22. Live Song

‘Listening to You’ (Live at Woodstock) – The Who

In the early 90s the NME used to have a running joke with their picture captions. In the Gig Reviews section, whenever the review photograph showed a sweaty man, face contorted, squeezing at the high notes on his electric guitar, the caption would read “Grunt grunt grunt”. Particularly if they were old. “Paul Weller: Grunt grunt grunt”, “Mötörhead: Grunt grunt grunt”. It was pretty funny, but it was also a manifesto item: the days of cock rock, of screwed-up eyes as the kitemark of emotional authenticity, were over. If you wanted that nonsense, you could read Q instead.

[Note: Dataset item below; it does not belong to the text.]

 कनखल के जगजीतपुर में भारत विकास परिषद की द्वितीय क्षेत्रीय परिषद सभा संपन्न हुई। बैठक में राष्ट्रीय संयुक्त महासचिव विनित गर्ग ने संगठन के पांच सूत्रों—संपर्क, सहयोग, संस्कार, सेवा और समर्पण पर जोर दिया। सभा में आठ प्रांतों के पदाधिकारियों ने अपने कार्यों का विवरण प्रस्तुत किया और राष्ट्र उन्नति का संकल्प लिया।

Since my taste was pretty much formed in those NME days, it’s hard for me to own up to how much I like this footage of The Who at Woodstock. There’s no question about it: this is grunt grunt grunt music. Its intensity is all about masculine physicality: Moon pounding his tubs, Townsend flailing and windmilling at his guitar, Daltrey bellowing, barechested in his hilarious fringed shirt. (It’s always difficult to take Daltrey seriously, which is why The Who are usually at their best when they’re being arch. But not here.) It’s a performance where the suggestion of sex is slightly embarrassing, comically close to the surface, like Derek Smalls’s foil-wrapped cucumber in Spinal Tap.

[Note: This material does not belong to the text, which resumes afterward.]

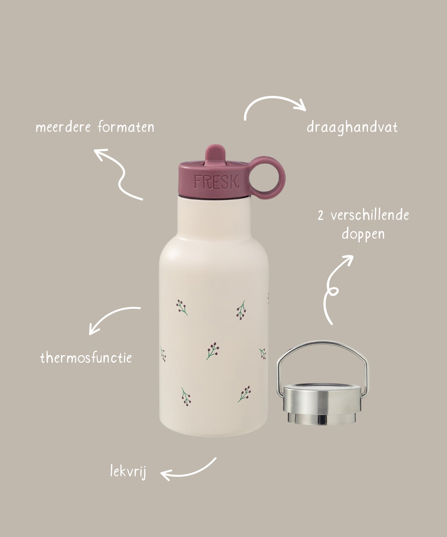 Deze veelzijdige thermos drinkfles van Fresk komt in twee formaten, 350ml en 500ml en wordt geleverd met twee verschillende doppen. De sportdop met rietje is ideaal voor snelle slokjes tussen het spelen door. De RVS schroefdop heeft een thermosfunctie. Warme dranken blijven warm en koude dranken blijven koud, tot wel 6-8 uur lang.

But still it gets me. It doesn’t have a subtle bone in its body, but it works on me, gets past my defences anyway. It is hypnotic, it is exhilarating. Maybe it’s because the song’s meaning, its lyric, is in such contrast to the machismo of its performance. The whole thing is odder than it looks, not what it first seems. This is Townsend’s song of submission to his guru, Meher Baba: “Following you, I climb the mountain. / I get excitement at your feet.” I can’t think of another song where the arrangement is so counterintuitive, where the lyric and the music are so out of alignment with each other, a musical oxymoron: muscular devotion.

And maybe it works too because, for everything, it’s not posed. It may be unreconstructed but it’s also earnest, a real attempt to use a song to say something, rather than get something, and that’s uncommon. It makes me want to be earnest too, to shrug off my NME reticence and stand up for it. Listening to you, I get the music. Grunt grunt grunt.